Critical sections and mutexes provide synchronization that is very similar, except that critical sections can be used only by the threads of a single process. There are two areas to consider when choosing which method to use within a single process:
Speed. The Synchronization overview says the following about critical sections:
... critical section objects provide a slightly faster, more efficient
mechanism for mutual-exclusion synchronization. Critical sections use
a processor-specific test and set instruction to determine mutual
exclusion.
Deadlock. The Synchronization overview says the following about mutexes:
If a thread terminates without releasing its ownership of a mutex
object, the mutex is considered to be abandoned. A waiting thread can
acquire ownership of an abandoned mutex, but the wait function's
return value indicates that the mutex is abandoned.
WaitForSingleObject() will return WAIT_ABANDONED for a mutex that has
been abandoned. However, the resource that the mutex is protecting is
left in an unknown state.
There is no way to tell whether a critical section has been abandoned.
What are the factors to keep in mind while choosing between Critical Sections, Mutex and Spin Locks? All of them provide for synchronization but are there any specific guidelines on when to use what?
EDIT: I did mean the windows platform as it has a notion of Critical Sections as a synchronization construct.
In Windows parlance, a critical section is a hybrid between a spin lock and a non-busy wait. It spins for a short time, then--if it hasn't yet grabbed the resource--it sets up an event and waits on it. If contention for the resource is low, the spin lock behavior is usually enough.
Critical Sections are a good choice for a multithreaded program that doesn't need to worry about sharing resources with other processes.
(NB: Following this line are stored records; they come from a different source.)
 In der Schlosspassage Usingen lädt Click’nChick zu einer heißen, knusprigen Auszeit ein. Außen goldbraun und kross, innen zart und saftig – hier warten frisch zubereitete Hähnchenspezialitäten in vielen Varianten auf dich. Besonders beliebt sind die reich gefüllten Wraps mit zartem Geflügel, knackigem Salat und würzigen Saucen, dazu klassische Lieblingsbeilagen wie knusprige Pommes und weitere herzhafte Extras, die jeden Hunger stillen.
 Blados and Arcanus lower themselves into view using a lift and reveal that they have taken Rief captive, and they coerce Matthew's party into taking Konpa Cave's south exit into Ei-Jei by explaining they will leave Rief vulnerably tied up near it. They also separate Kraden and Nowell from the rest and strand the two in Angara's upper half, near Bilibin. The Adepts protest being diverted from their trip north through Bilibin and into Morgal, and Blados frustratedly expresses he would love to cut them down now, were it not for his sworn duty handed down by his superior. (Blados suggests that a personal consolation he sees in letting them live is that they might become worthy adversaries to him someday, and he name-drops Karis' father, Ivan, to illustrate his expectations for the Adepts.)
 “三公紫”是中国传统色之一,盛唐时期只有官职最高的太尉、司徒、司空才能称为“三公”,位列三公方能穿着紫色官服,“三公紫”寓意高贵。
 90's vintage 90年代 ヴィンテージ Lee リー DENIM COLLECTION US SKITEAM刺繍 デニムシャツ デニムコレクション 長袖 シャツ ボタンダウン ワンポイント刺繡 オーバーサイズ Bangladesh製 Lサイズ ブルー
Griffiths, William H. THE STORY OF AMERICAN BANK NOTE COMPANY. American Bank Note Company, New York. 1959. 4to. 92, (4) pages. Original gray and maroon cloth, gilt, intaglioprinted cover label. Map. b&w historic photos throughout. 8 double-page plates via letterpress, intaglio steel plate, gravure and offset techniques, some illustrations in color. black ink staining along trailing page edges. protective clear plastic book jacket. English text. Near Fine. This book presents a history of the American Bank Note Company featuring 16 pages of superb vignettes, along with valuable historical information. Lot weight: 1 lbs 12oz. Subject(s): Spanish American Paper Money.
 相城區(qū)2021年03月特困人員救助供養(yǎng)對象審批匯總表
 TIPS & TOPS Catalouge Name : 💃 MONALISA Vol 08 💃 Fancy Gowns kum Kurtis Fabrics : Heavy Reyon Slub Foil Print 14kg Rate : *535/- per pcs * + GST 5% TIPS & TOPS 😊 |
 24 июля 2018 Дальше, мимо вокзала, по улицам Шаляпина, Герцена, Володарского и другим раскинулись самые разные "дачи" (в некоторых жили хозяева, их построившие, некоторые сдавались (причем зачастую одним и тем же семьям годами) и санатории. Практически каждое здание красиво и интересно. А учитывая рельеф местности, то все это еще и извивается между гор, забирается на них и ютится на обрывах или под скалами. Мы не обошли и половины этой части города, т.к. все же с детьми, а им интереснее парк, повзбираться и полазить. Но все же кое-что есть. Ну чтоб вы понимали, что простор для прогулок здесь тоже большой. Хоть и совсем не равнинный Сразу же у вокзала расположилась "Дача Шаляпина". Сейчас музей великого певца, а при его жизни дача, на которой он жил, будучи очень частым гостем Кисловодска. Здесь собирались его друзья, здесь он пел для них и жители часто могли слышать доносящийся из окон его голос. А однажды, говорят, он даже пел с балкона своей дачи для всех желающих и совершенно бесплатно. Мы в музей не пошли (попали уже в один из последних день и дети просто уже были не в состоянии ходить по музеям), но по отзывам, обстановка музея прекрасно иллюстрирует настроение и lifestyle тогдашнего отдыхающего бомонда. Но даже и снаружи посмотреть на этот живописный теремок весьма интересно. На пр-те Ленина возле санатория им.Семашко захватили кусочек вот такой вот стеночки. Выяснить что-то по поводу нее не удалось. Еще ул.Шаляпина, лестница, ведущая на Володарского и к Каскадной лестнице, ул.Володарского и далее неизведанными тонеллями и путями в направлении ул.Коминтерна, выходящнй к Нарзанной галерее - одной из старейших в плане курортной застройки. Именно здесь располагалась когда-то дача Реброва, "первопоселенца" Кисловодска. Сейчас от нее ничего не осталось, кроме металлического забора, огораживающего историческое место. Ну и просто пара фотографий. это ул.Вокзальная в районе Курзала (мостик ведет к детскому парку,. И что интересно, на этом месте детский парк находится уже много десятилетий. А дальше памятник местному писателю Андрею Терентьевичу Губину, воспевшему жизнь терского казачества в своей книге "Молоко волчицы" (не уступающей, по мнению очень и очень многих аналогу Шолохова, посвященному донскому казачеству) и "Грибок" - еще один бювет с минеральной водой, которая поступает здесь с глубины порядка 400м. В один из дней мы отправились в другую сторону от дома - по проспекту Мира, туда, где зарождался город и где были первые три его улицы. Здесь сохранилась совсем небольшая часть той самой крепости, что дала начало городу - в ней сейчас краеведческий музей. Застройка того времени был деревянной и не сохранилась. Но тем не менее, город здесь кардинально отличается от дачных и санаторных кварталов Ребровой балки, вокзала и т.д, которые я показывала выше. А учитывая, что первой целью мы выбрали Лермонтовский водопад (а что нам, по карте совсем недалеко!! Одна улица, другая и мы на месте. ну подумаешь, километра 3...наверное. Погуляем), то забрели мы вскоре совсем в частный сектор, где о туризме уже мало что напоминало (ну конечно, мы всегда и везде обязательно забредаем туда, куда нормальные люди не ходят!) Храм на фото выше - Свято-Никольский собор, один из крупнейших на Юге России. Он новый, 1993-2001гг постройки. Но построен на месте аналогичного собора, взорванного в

A mutex is a good general-purpose lock. A named mutex can be used to control access among multiple processes. But it's usually a little more expensive to take a mutex than a critical section.
General points to consider:
The performance cost of using the mechanism.
The complexity introduced by using the mechanism.
In any given situation 1 or 2 may be more important.
E.g.
If you using multi-threading to write a high performance algorithm by making use of many cores and need to guard some data for safe access then 1 is probably very important.
If you have an application where a background thread is used to poll for some information on a timer and on the rare occasion it notices an update you need to guard some data for access then 2 is probably more important than 1.
1 will be down to the underlying implementation and probably scales with the scope of the protection e.g. a lock that is internal to a process is normally faster than a lock across all processes on a machine.
2 is easy to misjudge. First attempts to use locks to write thread safe code will normally miss some cases that lead to a deadlock. A simple deadlock would occur for example if thread A was waiting on a lock held by thread B but thread B was waiting on a lock held by thread A. Surprisingly easy to implement by accident.
On any given platform the naming and qualities of locking mechanisms may vary.
On windows critical sections are fast and process specific, mutexes are slower but cross process. Semaphores offer more complicated use cases. Some problems e.g. allocation from a pool may be solved very efficently using atomic functions rather than locks e.g. on windows InterlockedIncrement which is very fast indeed.
A Mutex in Windows is actually an interprocess concurrency mechanism, making it incredibly slow when used for intraprocess threading. A Critical Section is the Windows analogue to the mutex you normally think of.
Spin Locks are best used when the resource being contested is usually not held for a significant number of cycles, meaning the thread that has the lock is probably going to give it up soon.
EDIT : My answer is only relevant provided you mean 'On Windows', so hopefully that's what you meant.